However Neospora can be passed to pups from a bitch in the womb proving that immunity is possible. There is also suggestion that antiprotozoal treatment is effective in combating Neospora.

You're right that freezing kills Neospora and I do freeze most of the meat I feed as it's not practical to feed fresh all the time. The risk of Neospora is highest in beef. But in all honesty I would feed fresh everyday if it was possible.

Another arguement is that a dogs immunity is heightened when feeding raw and the risk of infections is further reduced if you provide a well balanced raw diet.

Neospora is one of the many risks of feeding raw which is why you must do your research before feeding raw and be aware of all the risks and what symptoms to look out for.
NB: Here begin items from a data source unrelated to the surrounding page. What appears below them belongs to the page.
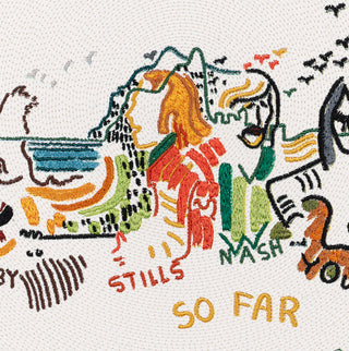 I spent months sourcing vintage record albums and created dozens of prototypes before finally designing these pieces. I hand-selected each album then set out to embroider them. To make the art, each thread must be hand-digitized using digital drawing tools on a scan of the actual album as a backdrop. Every stitch is drawn by hand, one at a time. The embroidery process itself is the most interesting and has to be seen to believe. Each album cover is embroidered directly through the actual paper sleeve.
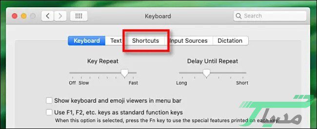 ۲- در مرحله دوم از منوی System Preferences روی گزینه Keyboard کلیک و پس از آن برگه Shortcuts را انتخاب کنید.
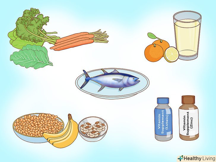 Вживайте їжу, яка корисна для здоров'я очей.хоча зір навряд чи вдасться поліпшити за рахунок одного раціону харчування, Ви забезпечите свої очі всіма необхідними їм поживними речовинами. Постарайтеся включити в свій раціон наступні продукти:[3]- Зелені листові овочі (Городня капуста, листовий буряк, листова капуста, шпинат), а також морква.
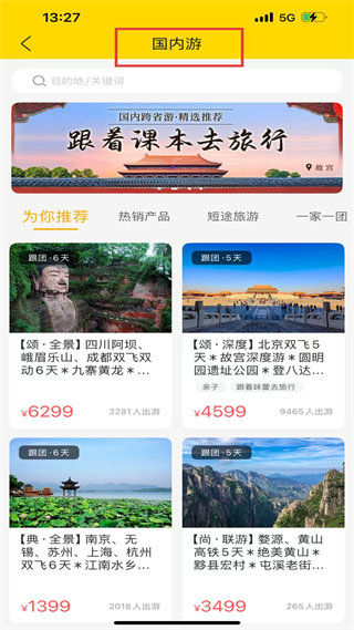 3、國內游板塊有跟著課本去旅行廣告,為你推薦四川阿壩、北京等國內跟團游產品,涉及多個熱門旅游地。
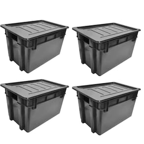 Kit 4 organizador multiuso caixa 60 lts preta com tampa Caixa multiuso fechada 60 litros black
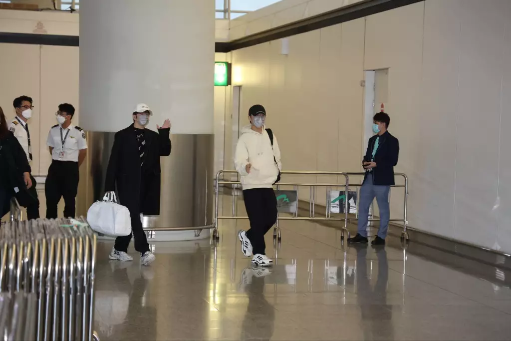 粉絲在偶像出現前已逼滿通道,Anson Lo與Edan這對「登神CP」以黑白絕襯造型亮相,禮貌地向粉絲揮手和鞠躬,粉絲興奮叫囂。二人現身短短數十秒,由職員通道進入辦出境手續。
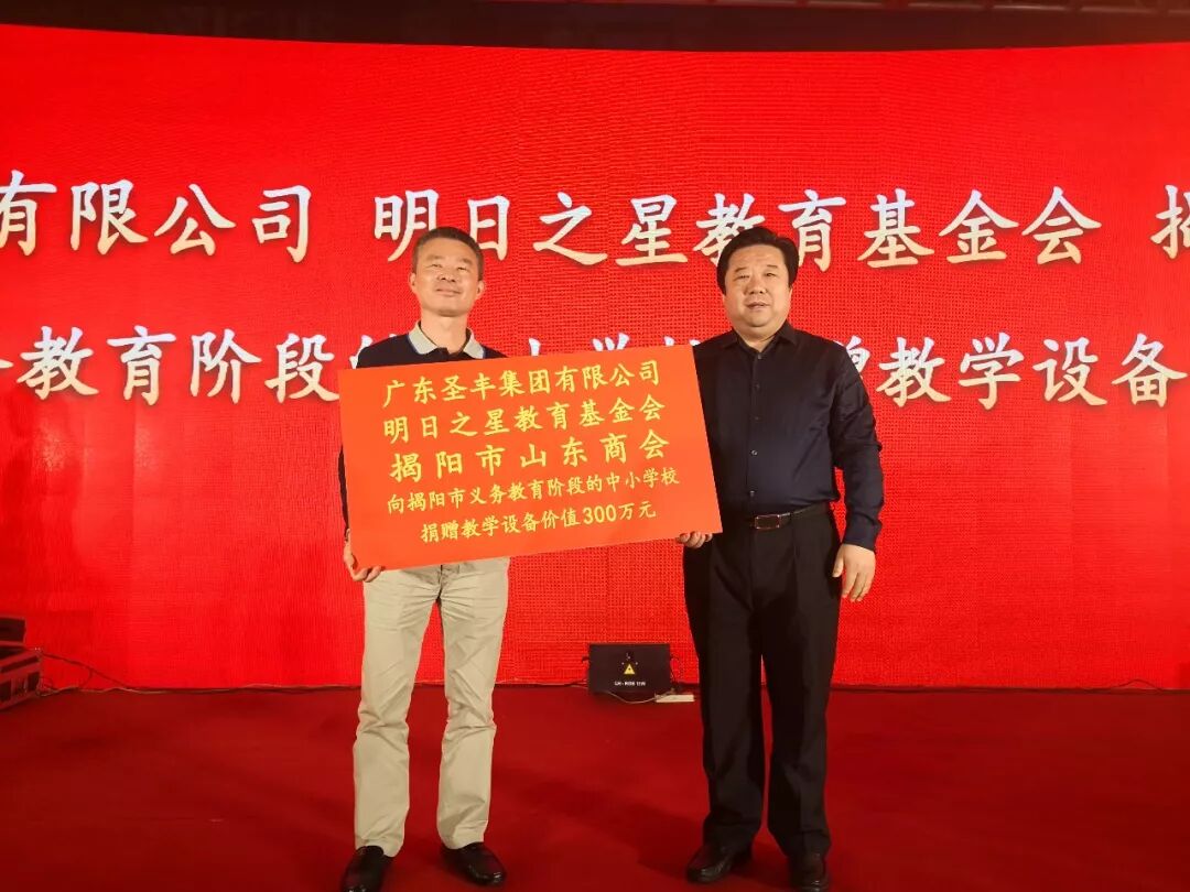 捐赠仪式上,广东圣丰集团有限公司、广东省山东商会深圳分会常务副会长单位明日之星教育基金会、揭阳市山东商会联合为揭阳市义务教育阶段的中小学校捐赠了价值300万元的教学设备。广东省山东商会常务副会长、明日之星教育基金会名誉理事长、广东省山东商会深圳分会孙明高会长作为捐赠单位代表进行捐赠,揭阳市教育局陈育文局长作为受赠代表接收爱心教学物资。
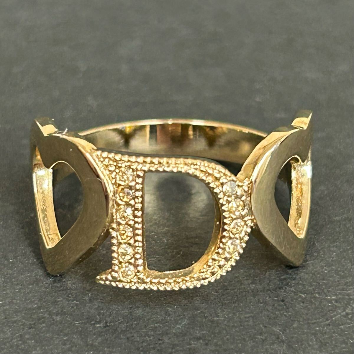 - 【ディオール】基準内 Dior 指輪 Dロゴ ハート ラインストーン サイズ7 リング 13号 アクセサリー ゴールド色系 金属素材 レディース
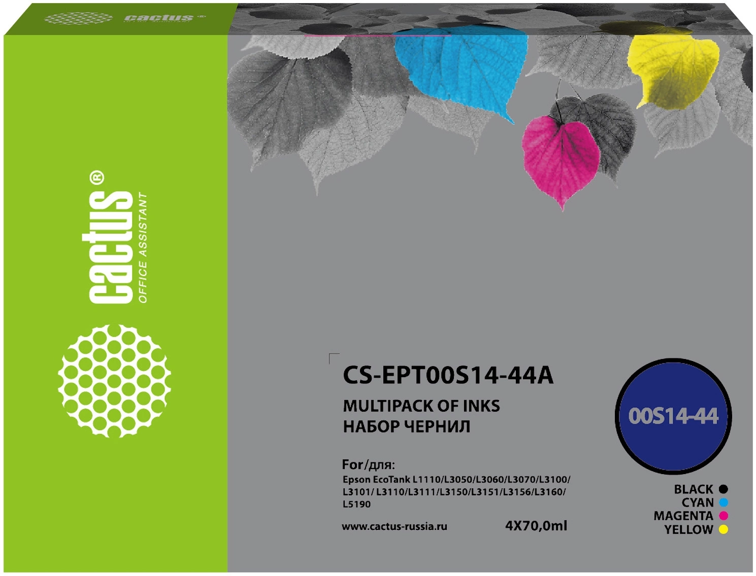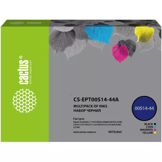 Чернила Cactus CS-EPT00S14-44A 103 многоцветный набор 4x70мл для Epson L1110 Ecotank/L3100/L3101/L3110/L3150/L3151
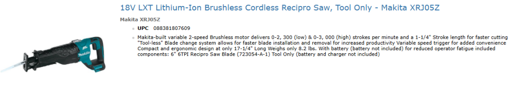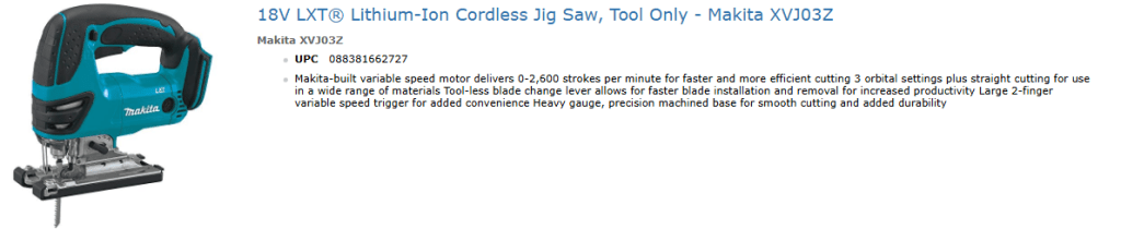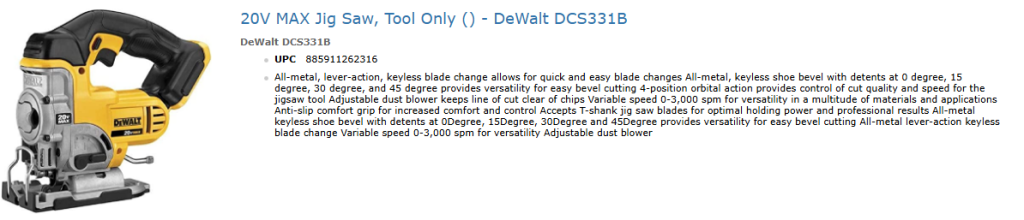 Note how the second jig saw has similar wording for product type. The LLM has expanded 20V to “20 volts.” The power type of “tool only” is interesting but not completely incorrect. This item does NOT have a battery, so it has no power source!

You have to remember there are thousands of raw feeders that have never ever had a problem, most cases of parasite infection are from people giving small amounts of raw meat to dogs primarily fed on commercial dog food.


----------



## nici (Nov 10, 2007)

ive ben useing the barf diet now for 4 years and have never had any problems, in fact before i started it my bitch was always at the vets with stomach problems, and yes i do feed fresh mince but not all the time as i have a large freezer and bulk buy, i personally think it is the best diet around it make so much sense


----------



## Guest (Apr 15, 2008)

i have started giving cassie mince mixed in with her complete mixer she loves it


----------



## Guest (Apr 15, 2008)

dh.dti said:


> Alan is this a game of spot the difference...
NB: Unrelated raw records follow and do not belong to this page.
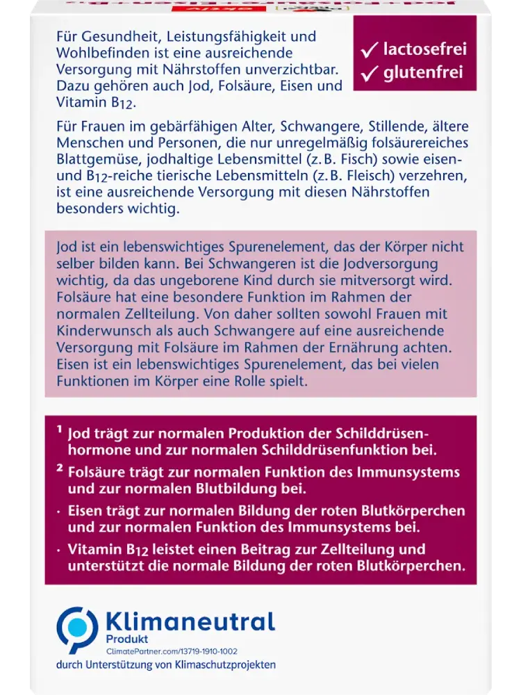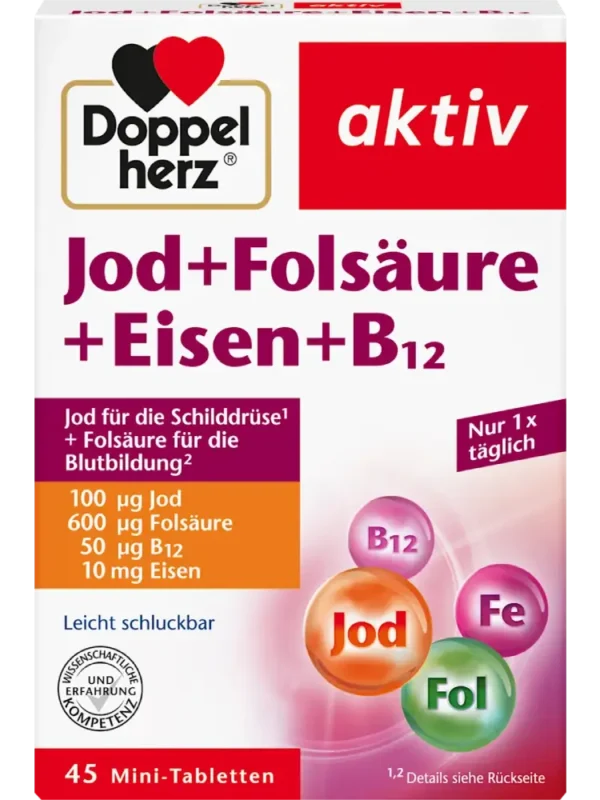 كل ما يحتاجه الجسم: بفضل أقراص اليود + حمض الفوليك + الحديد من Doppelherz. فالحصول على كمية كافية من العناصر الغذائية ضروري للصحة والأداء والشعور بالعافية. وتشمل هذه العناصر أيضًا اليود وحمض الفوليك والحديد وفيتامين B12. ويعد الحصول على كمية كافية من هذه العناصر مهمًا بشكل خاص للنساء في سن الإنجاب، والحوامل، والمرضعات، وكبار السن، وكذلك للأشخاص الذين يتبعون نظامًا غذائيًا غير متوازن.
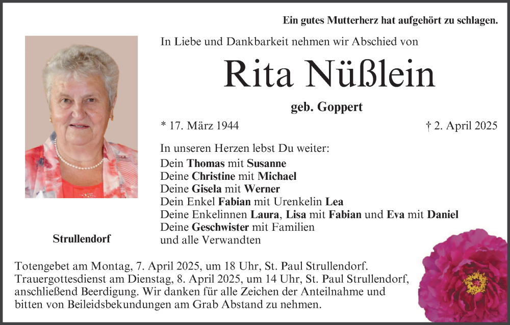 Hier finden Sie alle Traueranzeigen aus der Zeitung, die bisher für Rita Nüßlein erschienen sind. Weitere Traueranzeigen, die in der Zeitung erscheinen, werden hier ebenfalls aufgelistet
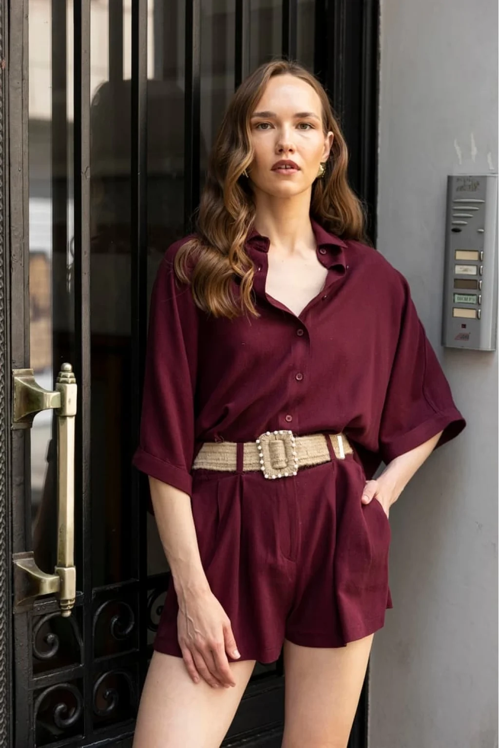 Bordo Renk Keten Kemerli Şort Gömlek İkili Takım
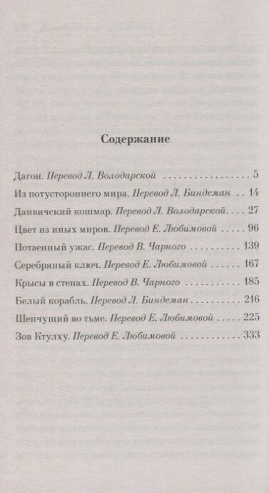 Мое первое знакомство с Говардом Лавкрафтом началось именно с этой маленькой, но очень интересной книги! Десять невероятно атмосферных и жутких рассказов скрасили мне начало отпуска! Насколько же эффектно и всеобъемлюще Лавкрафт описывает древнее и инопланетное зло...Насколько каждый рассказ погружает в пучину страха и безысходности . Это великолепная книга, знакомство с автором удалось на 100 процентов!
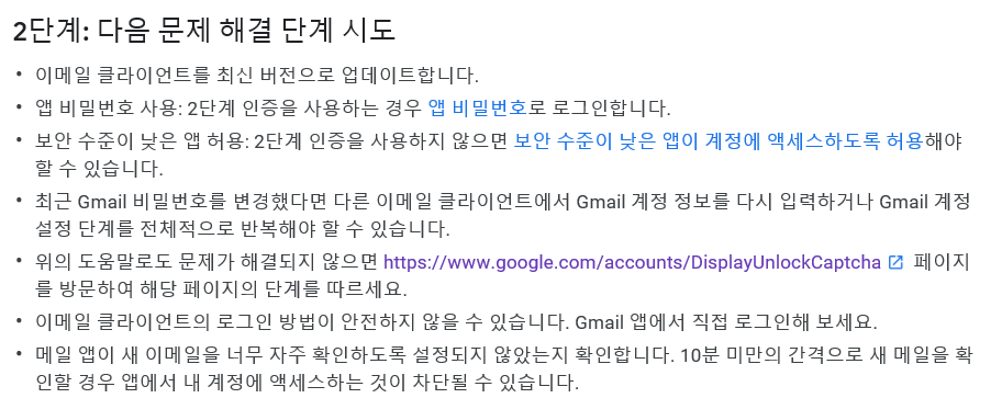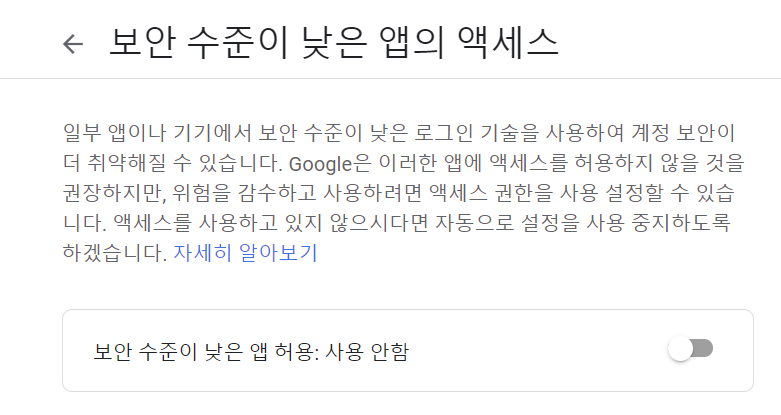아래링크에서 보안 수준이 낮은 앱의 액세스를 해제해주셔야 사용할수 있습니다.
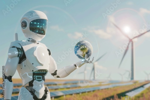 © Oksana, Naklejka premium Robot with a digital globe and wind turbines

No just didn't want to confuse people so thought I better use the same phrase throughout.


----------



## Jo P (Dec 10, 2007)

I feed raw and 95% of the meat is frozen before hand as I get it delivered that way. They have much the same as Alan, they also get Holistic Wholebake mixer. I wouldnt ever go back to feeding complete - I think raw is more........................ natural shall we say


----------



## Guest (Apr 15, 2008)

garryd said:


> why not stick to one type of raw meat!? and only change it for another meat one day of the week??? as to much chopping and changing does make them a picky eater !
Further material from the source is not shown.